This applies to MPI_DATATYPE_NULL, MPI_COMM_NULL and MPI_WIN_NULL. MPI 4.0 states that "The predefined constant MPI_COMM_NULL is the value used for invalid communicator handles." Hence, we might assume that MPI_COMM_NULL is an invalid communicator, but that is only partially true because in 4.12.4 it is clearly stated that the translation function, MPI_*_C2F and MPI_*_F2C, should treat MPI_COMM_NULL as a valiid communicator. So, the real role of these MPI_*_NULL objects might be to point to valid MPI objects used as bounds, but they represent valid MPI objects that cannot be used for communications. In any case, as predefined handles they have an associated name, and the user _must_ be able to get this name. Signed-off-by: George Bosilca <[email protected]>

bosilca · 2022-02-23T15:53:48Z

Our implementation of ompi_*_invalid is, well, invalid. There is a lengthy comment in communicator.h on why we're doing the wrong thing (according to MPI 2.0), but we're fine with it because we have implemented shortcuts in the few places where it was needed (basically f2c and c2f functions). Anyway, if we assume that invalid means, improper for communications, then we should be good for now.

jsquyres

@bosilca and I chatted on the phone about this this morning. Here's the conclusions we came to:

We both agree that the MPI_*_GET_NAME functions should accept the MPI_*_NULL handles. It's just better for users.
From that perspective, we should accept this PR.
From the portability perspective, we should encourage MPICH to adopt this behavior as well. Because it's better for users.
For simplicity (assuming this PR is accepted), let's bring it to v5.0. But let's not backport it (i.e., do not bring it to v4.1.x or v4.0.x).
If the MPI Forum accepts mpi-forum/mpi-issues#544, 🎉 . If not, we can revert this PR.

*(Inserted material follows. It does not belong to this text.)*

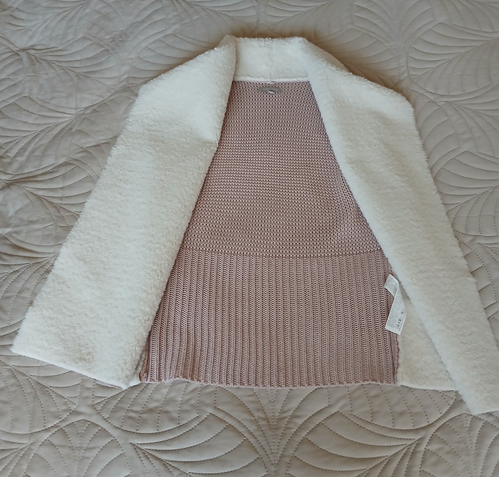 Kombinovaná vesta od Fisherfield vo veľkosti 34.Dĺžka 62 cm,bez zapínania.Materiál akryl a polyester.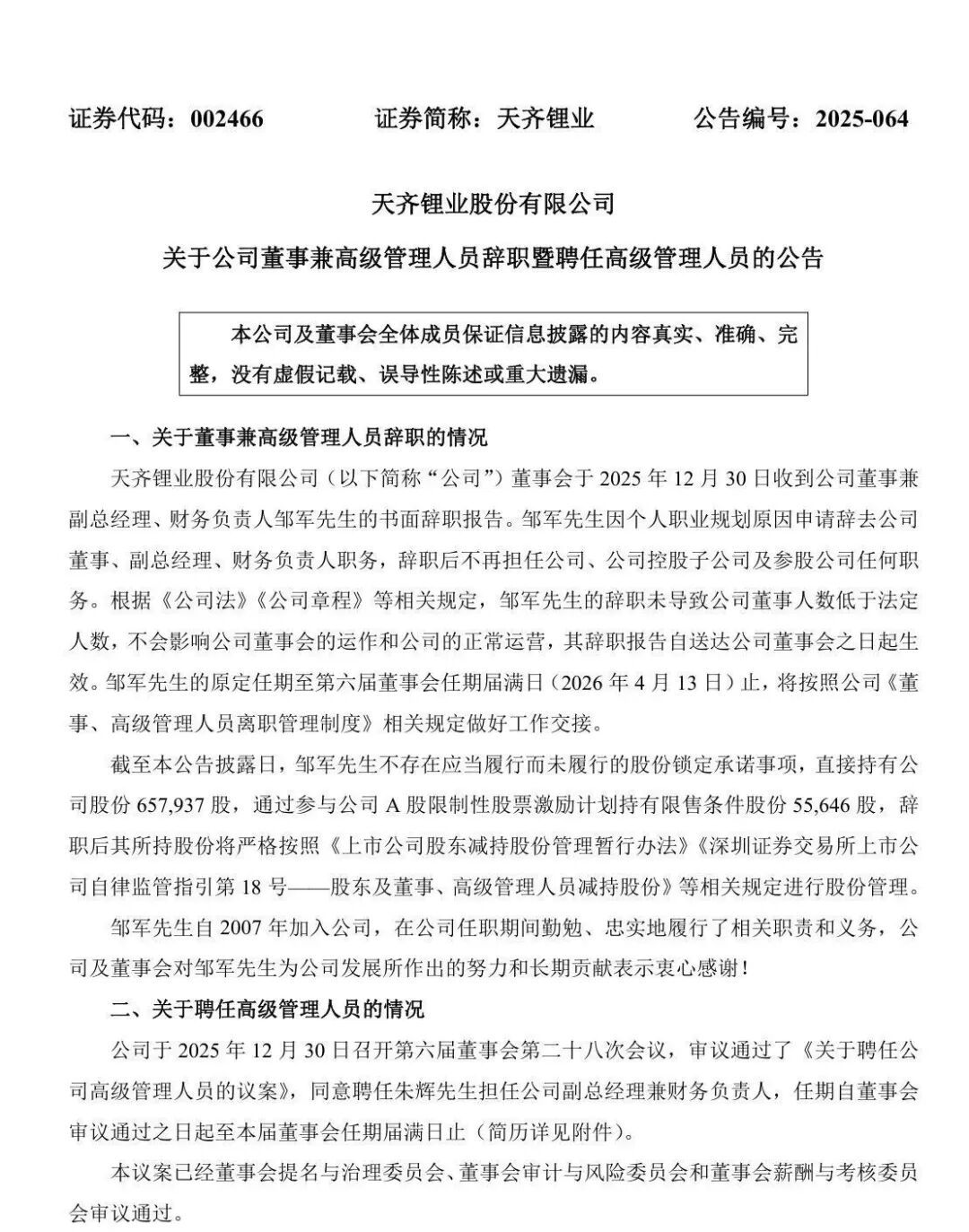 2025年12月30日,天齐锂业发布公告显示,原公司董事、副总经理、财务负责人邹军,因个人职业规划原因申请辞去相关职务,辞职后不再担任任何职务。同时,公司董事会审议通过《关于聘任公司高级管理人员的议案》,同意聘任朱辉先生为公司副总经理兼财务负责人。

jsquyres · 2022-02-23T16:27:24Z

ompi/win/win.c


    /* Setup MPI_WIN_NULL */
    OBJ_CONSTRUCT(&ompi_mpi_win_null.win, ompi_win_t);
-    ompi_mpi_win_null.win.w_flags = OMPI_WIN_INVALID;


Is this safe to do? Are there other places that rely on this flag being set upon construction?

The only use I could find is in https://github.com/open-mpi/ompi/blob/master/ompi/win/win.h#L155 where the window is explicitly checked for MPI_WIN_NULL as well.

All functions check the validity of the window using ompi_win_invalid, a functions that specifically checks for MPI_WIN_NULL (in addition to checking the OMPI_WIN_INVALID flag). No other usages of OMPI_WIN_INVALID exists in the code.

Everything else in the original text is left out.